The Best of Writing Mindset in 2017
#yearofselfish = #yearofself-realization
Last year at New Years, my friends and I dubbed 2017 the #yearofselfish. What this meant was engage in more awareness when it came to self-care, workout, invest in personal opportunity, meditate, seek out a work to life balance, and try new things. I definitely tried new things. Writing Mindset was a leap out of nowhere that constantly challenged me on one end because I thought of it as a personal business move, but I also saw it as a way to reflect on teaching. Writing Mindset simply was a way to connect to my teaching and share my teaching with others. I set up my LLC, invested in a website hosting platform that I thought was aesthetically pleasing, and then tried to write a lot. Then, I realized that writing and working full-time were more difficult than I ever imagined.
What you see in this post is a journey of reflection and realization. I realized what would make me stop teaching and later I realized a shift in purpose for my blogging. At first, I wanted to share my writing teacher strategies with the world. Now, I am hoping to get smarter about those strategies and share these ideas with others so that we can build a community of teachers that invests in teaching as a long-term objective. Being a teacher has become temporary. Why wouldn't it? The long hours, the paperwork, the level of customer service, evaluations, expectations...Should I continue? With all of the demands placed on teachers, there has to be a way to figure it out and do this thing we call teaching, well, better. Better means in a way that we are not sacrificed for our mission in helping educate and inspire learning. I wanted to include a summative post to the year that archives my favorite and most viewed posts from 2017. It also demonstrates a clear transformation. These posts are the ones that really stand out. I started Writing Mindset this past year in February, and it is amazing how the purpose and mission of Writing Mindset have changed. I can't wait for 2018.
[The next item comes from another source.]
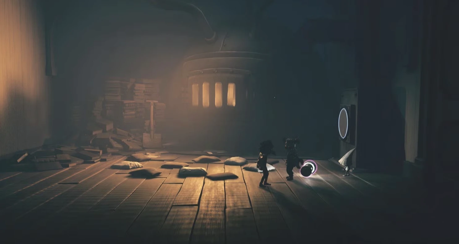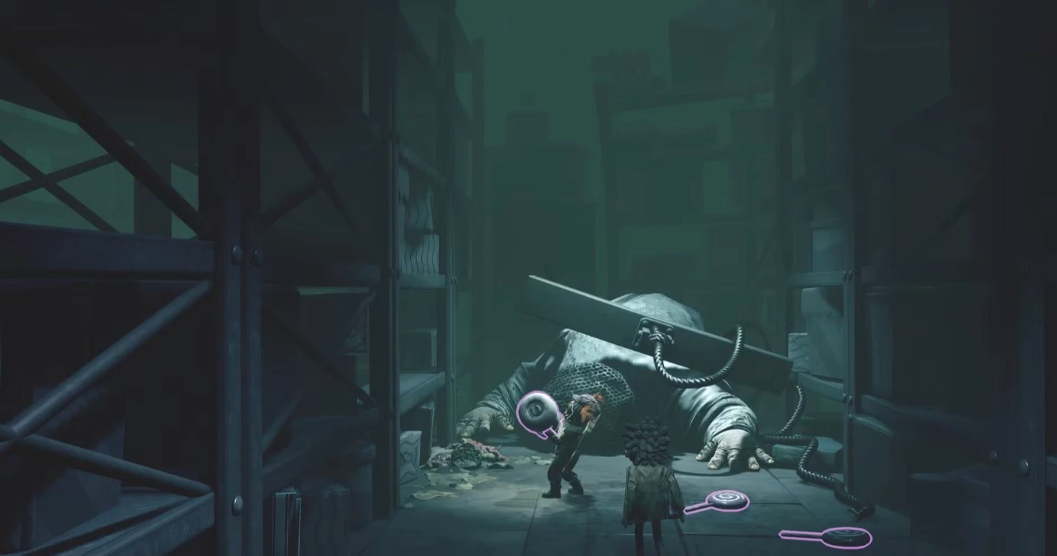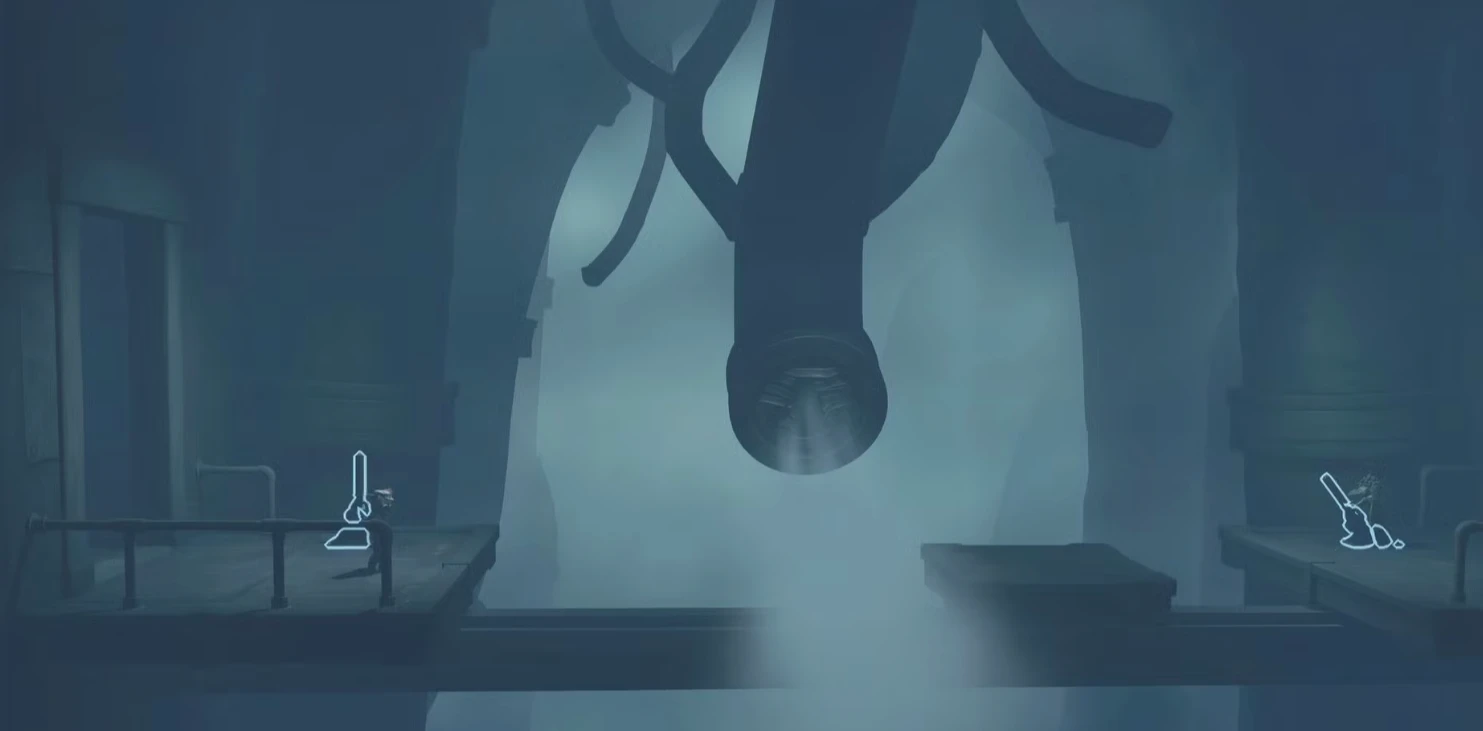 Самым первым серьёзным препятствием в Little Nightmares 3 станет закрытая дверь в локации «Некрополь». Чтобы найти ключ, двигайтесь влево и перейдите по нескольким деревянным мосткам, пока не дойдёте до рычага с рукояткой. Один игрок должен вращать рукоятку, а второй – стоять на опускающемся ящике. Когда второй игрок окажется на ящике, первый должен снова повернуть рукоятку, чтобы поднять платформу. Поднявшись наверх, второй игрок должен потянуть за рычаг справа – это опустит лестницу для первого игрока. Когда оба окажутся на верхней площадке, пройдите к дверному проёму слева и уберите доску, преграждающую путь.
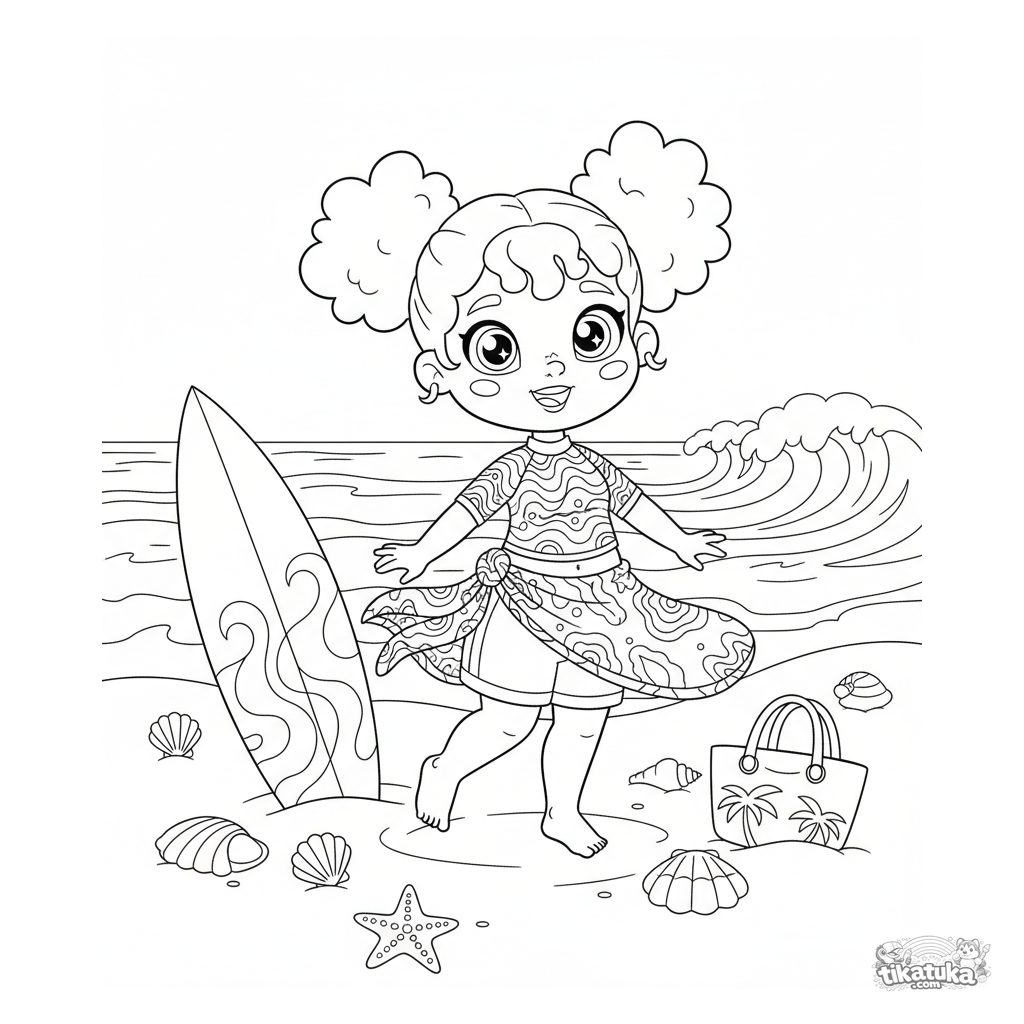 Página para colorear vibrante para niñas 10-12: una chica surfista en ropa de playa girando alegremente en la orilla. Tabla de surf, conchas marinas y ropa detallada.

This started on a Saturday, the Saturday before the Monday when I had to hand back rough drafts to my students. I wanted no part of them. I wanted nothing to do with them. Glancing at my comfy blanket and cup of coffee, I was a human replica of the emoji "ugh." Not wanting to embrace my stack of papers, I started texting a fellow English teacher about her method of using rubric codes. She uses numbers to correspond with different points on a rubric that come up over and over. We have had this discussion before, yet, I was resistant because I had always wanted to follow "traditional" feedback routes. Things I love: ink over typeface, writing in the margins, and seeing a child's face go, "You spent alllll that time on my paper?" Yes, yes I did. I have had many conversations about the writing process lately because it seems as ELA teachers, we all tackle this beast differently. I am not willing to budge on giving feedback on rough drafts, even though some instructional models no longer call for this step in the process. Rubric codes never seemed to fit...until it did.